Here is the task for the records below: repeat exactly the lines from the one with "Bu uzun siyah" to the one with "薄くて軽やかな着心地の 綿100% レディース パジャマパンツ です。", both included, and nothing else.

SUPPLIED MATERIAL:
:::

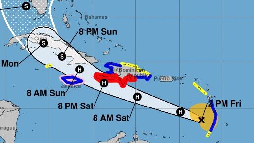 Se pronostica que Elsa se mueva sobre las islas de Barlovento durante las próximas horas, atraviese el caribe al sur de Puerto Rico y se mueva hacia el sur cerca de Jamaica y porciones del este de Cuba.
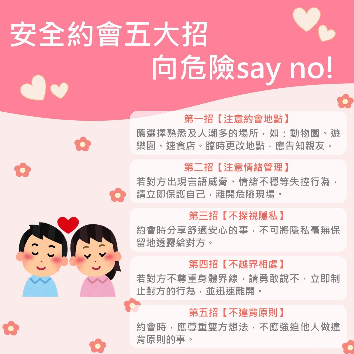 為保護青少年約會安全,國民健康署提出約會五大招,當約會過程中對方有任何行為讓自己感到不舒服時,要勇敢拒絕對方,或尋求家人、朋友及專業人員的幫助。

:::

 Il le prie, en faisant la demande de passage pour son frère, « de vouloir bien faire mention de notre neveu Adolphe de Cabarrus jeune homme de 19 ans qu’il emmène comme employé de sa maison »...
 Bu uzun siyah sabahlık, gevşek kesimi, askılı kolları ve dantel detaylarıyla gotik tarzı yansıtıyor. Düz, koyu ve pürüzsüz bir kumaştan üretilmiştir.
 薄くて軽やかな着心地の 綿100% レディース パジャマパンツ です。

:::

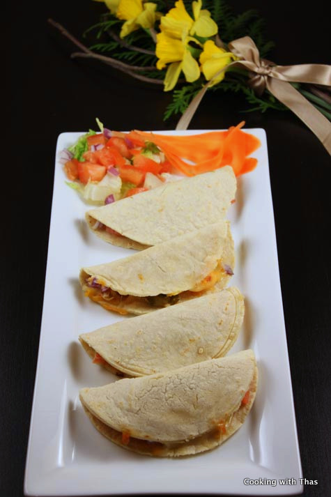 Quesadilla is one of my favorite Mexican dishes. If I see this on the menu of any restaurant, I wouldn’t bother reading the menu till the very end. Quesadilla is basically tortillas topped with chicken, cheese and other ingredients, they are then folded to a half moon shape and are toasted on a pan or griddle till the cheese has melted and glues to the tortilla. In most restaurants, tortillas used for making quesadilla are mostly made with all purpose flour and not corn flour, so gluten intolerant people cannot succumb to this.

:::

RESPONSE:
 Bu uzun siyah sabahlık, gevşek kesimi, askılı kolları ve dantel detaylarıyla gotik tarzı yansıtıyor. Düz, koyu ve pürüzsüz bir kumaştan üretilmiştir.
 薄くて軽やかな着心地の 綿100% レディース パジャマパンツ です。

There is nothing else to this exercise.